I love monster films but don't think of them as horror. Some - the Gojira (Godzilla) series run into the pureile and fatuous, at least after the original. Still, they can be fun.

Others like The Creature From the Black Lagoon are merely B-flicks, but equally fun, although most are mere variations on the same theme. A lot have that gluey righteousness about them - human science creates/unleases a monster that would have remained dormant if we didn't open the doors of exploration. Many end with that sort of saccharine statement about there being places science should not go. Morality fables with monsters. Yawn...

Roger Corman combined monsters and horror in a few of his movies - my fav being the Attack of the Giant Crab Monsters. Most aren't very frightening but some have a cachet as good B-flicks. He had some skills as a director of this genre.

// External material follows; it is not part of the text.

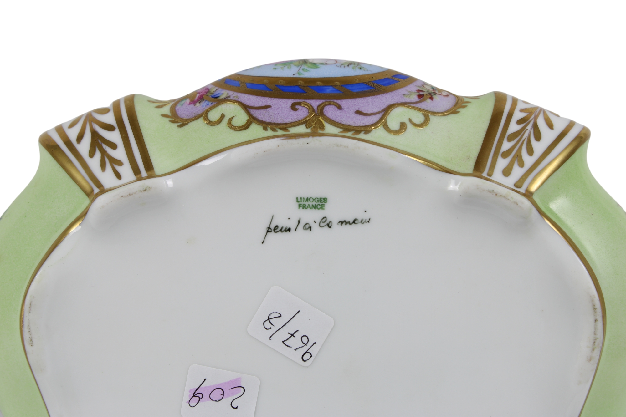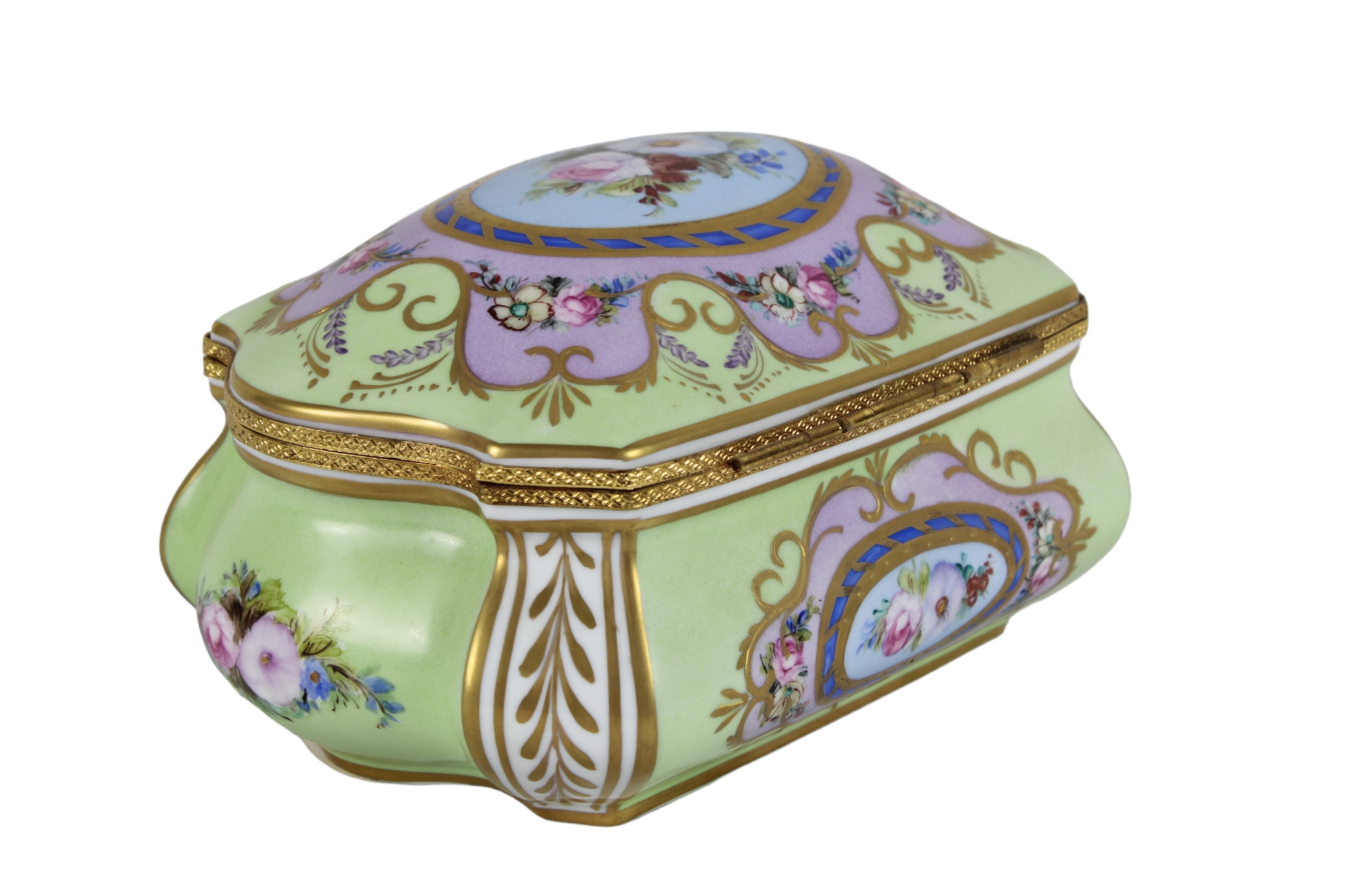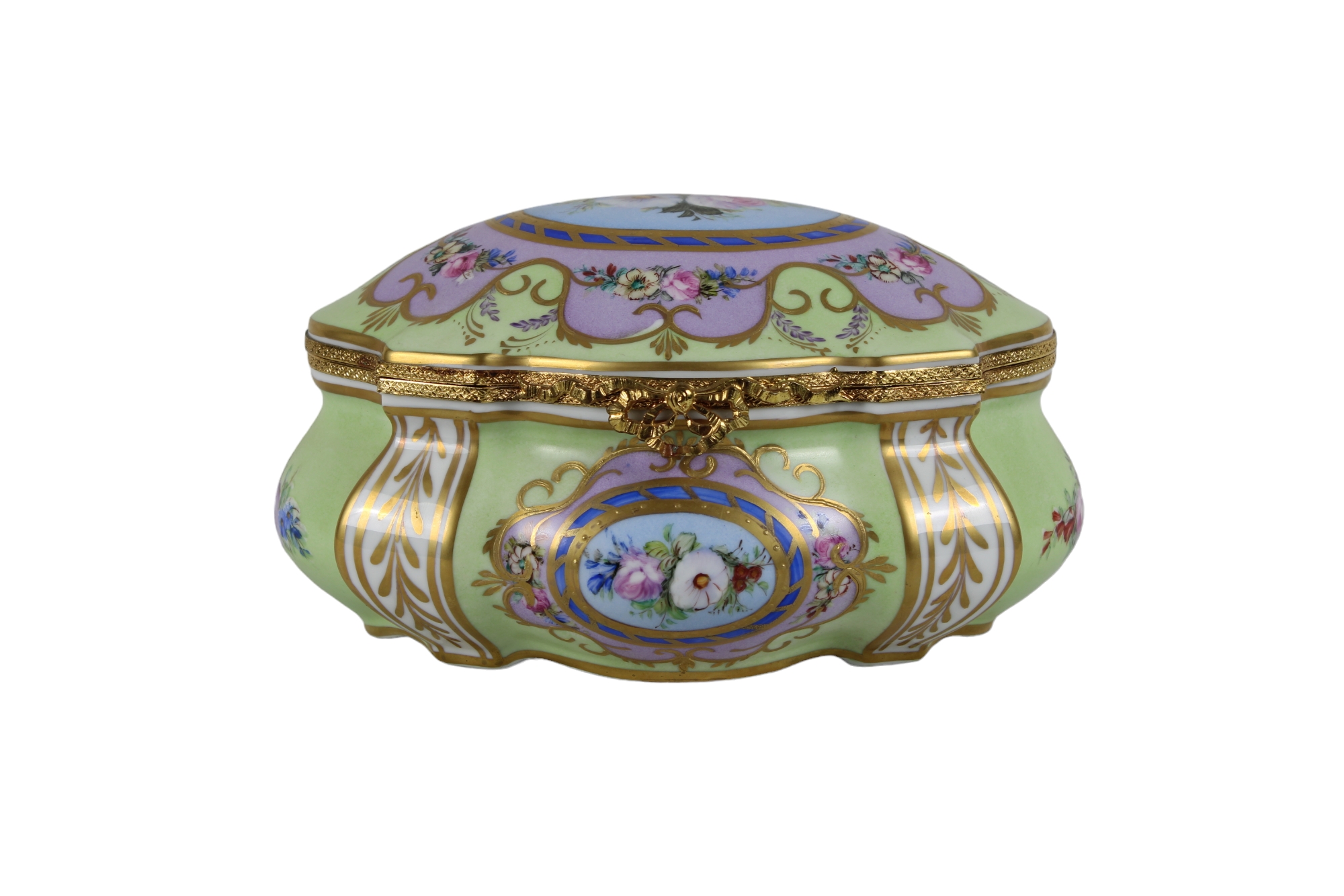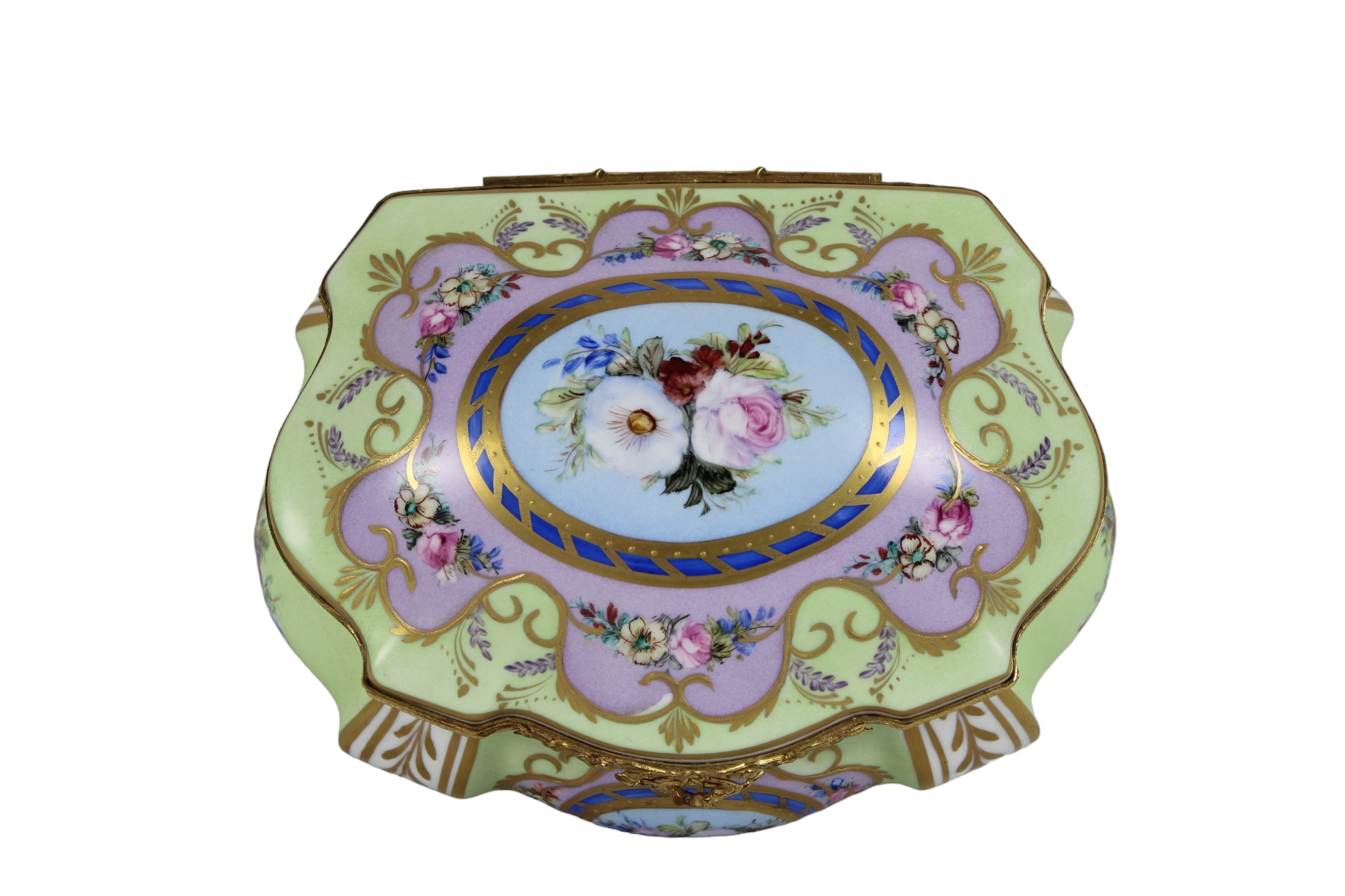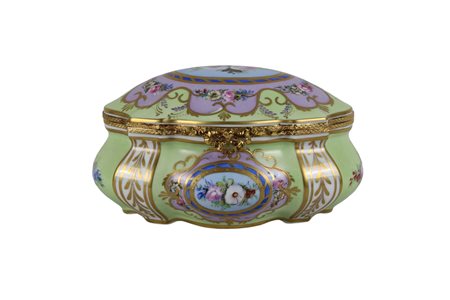SCATOLA in porcellana dipinta a motivi floreali con lumeggiature in oro e applicazioni in bronzo manifattura di Limoges XX secolo h cm 13 x 16 x 20

King Kong remains one of my favourite films of all time, but the remakes have all been drearily overdone and bloated. It its day, King Kong was a masterpiece of special effects. Peter Jackson took a tightly crafted, action-packed 90-minute plot and stretched it to three hours of repetitive chase scenes and excessive computer animation, adding scenes thew original director cut, making it one of the dullest movies I've ever seen. His casting of Jack Black as the director was such a poor choice it still makes me wince. It belongs in the Wal-Mart 2 for $5 bin.

The remake of Godzilla was fun, and despite the New York setting was in keeping with the spirit of the original. Not as campy, but well-paced and lots of action.

Dracula flicks were made into campy blod-splattered horror in the 50s and 60s with actors like Christopher Lee, and that eventually spawned today's massive - and massively silly - vampire TV shows.

Monster movies can be fun. Today's slasher films with their focus on torture, mutilation, vivisection and so on may delight the sociopaths and psychopaths but not me. Who enjoys watching people being hurt?
 
Interesting, about "The Haunting of Hill House". That was frightening back when it came out. I watched it again recently, and nothing happens except that bulging door...
Watch it again. It's subtle and understated, using lighting, camera angles and sound to create a mood of suspense, and terror. Many things happen, but they're not brash or exciting. The wallpaper scene, the cold spot, the creaking spiral staircase... all marvellously crafted. Most American movies of this genre take a chainsaw approach to mood and use big, loud and coarse effects. This one uses a scalpel. Deft strokes, small slices, carefully paced scenes, the mood built one small step at a time. It's Hitchcockian in its craftsmanship.

It's crafted without any of the special effects that directors use as crutches today. There are no moments when the actors don't have to act: they can't just run from some green-screen monster or wait to react to the predictable hand-with-knife through the door scene. This is a film that was done with immaculate care. It's not meant to shock but rather to make the audience think about the potential, to question his or her assumptions.

This is like a fine, 40-year-old wine of impeccable vintage, compared to the mass-produced fermented-cardboard Miller lite of most modern horror flicks.
 
The Haunting of Hill House is a masterpiece of the genre.
 
I just watched Insidious last night, and it was pretty creepy, and imo, had a pretty interesting story as well, I would recommend it.